Situasi ini terasa menjadi semakin mencekam karena seolah sedang dikepung oleh “perang tanpa peluru” dari luar negeri.

Gejolak geoekonomi global telah makin menekan nilai tukar Rupiah hingga ke titik terendah, yang memaksa pemerintah akhirnya mengambil kebijakan fiskal yang defensif namun ini justru mencekik leher rakyatnya sendiri.

Tekanan eksternal ini bertindak sebagai akselerator krisis, di mana kenaikan harga energi dan pangan dunia terasa langsung menghantam dapur-dapur di pelosok negeri, sementara negara semakin kehilangan ruang gerak untuk memberikan subsidi karena beban utang luar negeri yang jatuh tempo secara bersamaan.

Adanya tragedi yang memilukan di NTT, di mana seorang anak SD memilih mengakhiri hidupnya hanya karena urusan alat tulis, benar menjadi puncak gunung es dari kegagalan birokrasi dan data kemiskinan yang ada. Bagaimana mungkin program besar seperti Makan Bergizi Gratis (MBG) yang menelan anggaran triliunan akan bisa berjalan dengan bangga, sementara ada nyawa yang hilang hanya karena sistem yang “membutakan” mereka yang tidak masuk dalam kolom data penerima bansos. Ini jelas bukan sekadar masalah administrasi, melainkan krisis empati dan kegagalan moral negara dalam melindungi warga yang paling rentan di tengah badai ekonomi yang melanda dunia.

Kemudian kondisi ini makin diperparah dengan kebijakan pusat yang seringkali tidak menapak bumi, seperti pemaksaan program Koperasi Merah Putih yang sebenarnya justru berisiko mematikan BUMDES serta menghancurkan kemandirian ekonomi desa.

Jika desa yang menjadi benteng terakhir pertahanan malah berpotensi dipaksa bangkrut akibat adanya sistem yang tidak sinkron, maka Indonesia bisa disebutkan sedang membocorkan sekocinya sendiri di tengah badai hantaman gelombang global.

Rasa ketidakadilan ini terasa makin menebal ketika rakyat di wilayah Sumatra seperti harus berjuang sendirian untuk menghadapi banjir yang merusak infrastruktur logistik, sementara energi pemerintah seolah habis hanya untuk proyek-proyek mercusuar di pusat.
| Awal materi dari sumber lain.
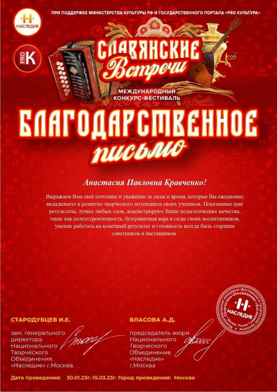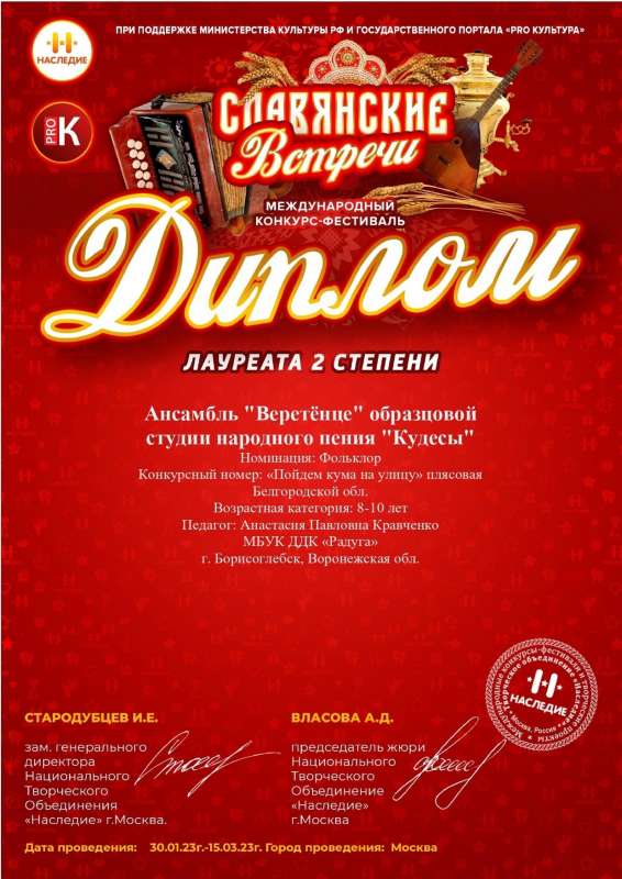 Международный конкурс-фестиваль "Славянские встречи" (г. Москва) - дипломы лауреатов II степени.

Segala akumulasi kemarahan dan kekecewaan ini tentu akan menemui titik didihnya pada momentum Lebaran 2026. Saat dimana ada jutaan orang akan bergerak pulang dalam kondisi psikologis yang lelah, namun dompet yang tipis, dan ada rasa keadilan yang terluka.

Jika saat itu jalur logistik masih morat-marit dan harga pangan kian melonjak liar akibat ulah spekulan serta ketidakpastian global, maka potensi rusuh horizontal bukan lagi sekadar bayangan, melainkan sungguh jadi ancaman nyata di depan mata. Potensi kerusuhan ini tidak akan dipicu akibat perebutan kekuasaan di atas, melainkan terjadi oleh kemarahan kolektif rakyat yang merasa negara sudah tidak lagi hadir sebagai pelindung, melainkan sebagai penambah beban hidup.

Maka sudah saatnya untuk berhenti memoles statistik dan mulai bekerja memperbaiki nurani kebijakan.

Indonesia jelas tidak akan runtuh karena tekanan dari luar, tapi malah bisa ambruk akibat dari dalam jika kaki-kakinya di pedesaan dan akar rumput dibiarkan membusuk.

Peringatan ini bukan untuk menteror menakut-nakuti, melainkan sebuah ajakan untuk segera kembali melihat ke bawah sebelum karet kesabaran sosial masyarakat itu benar-benar putus dan tak lagi bisa disambung kembali.

Kamis, 5 Februari 2026

Penulis adalah Peneliti dan Pemerhati Sosial

banner 336x280

Tinggalkan Balasan

Alamat email Anda tidak akan dipublikasikan. Ruas yang wajib ditandai *

No More Posts Available.

No more pages to load.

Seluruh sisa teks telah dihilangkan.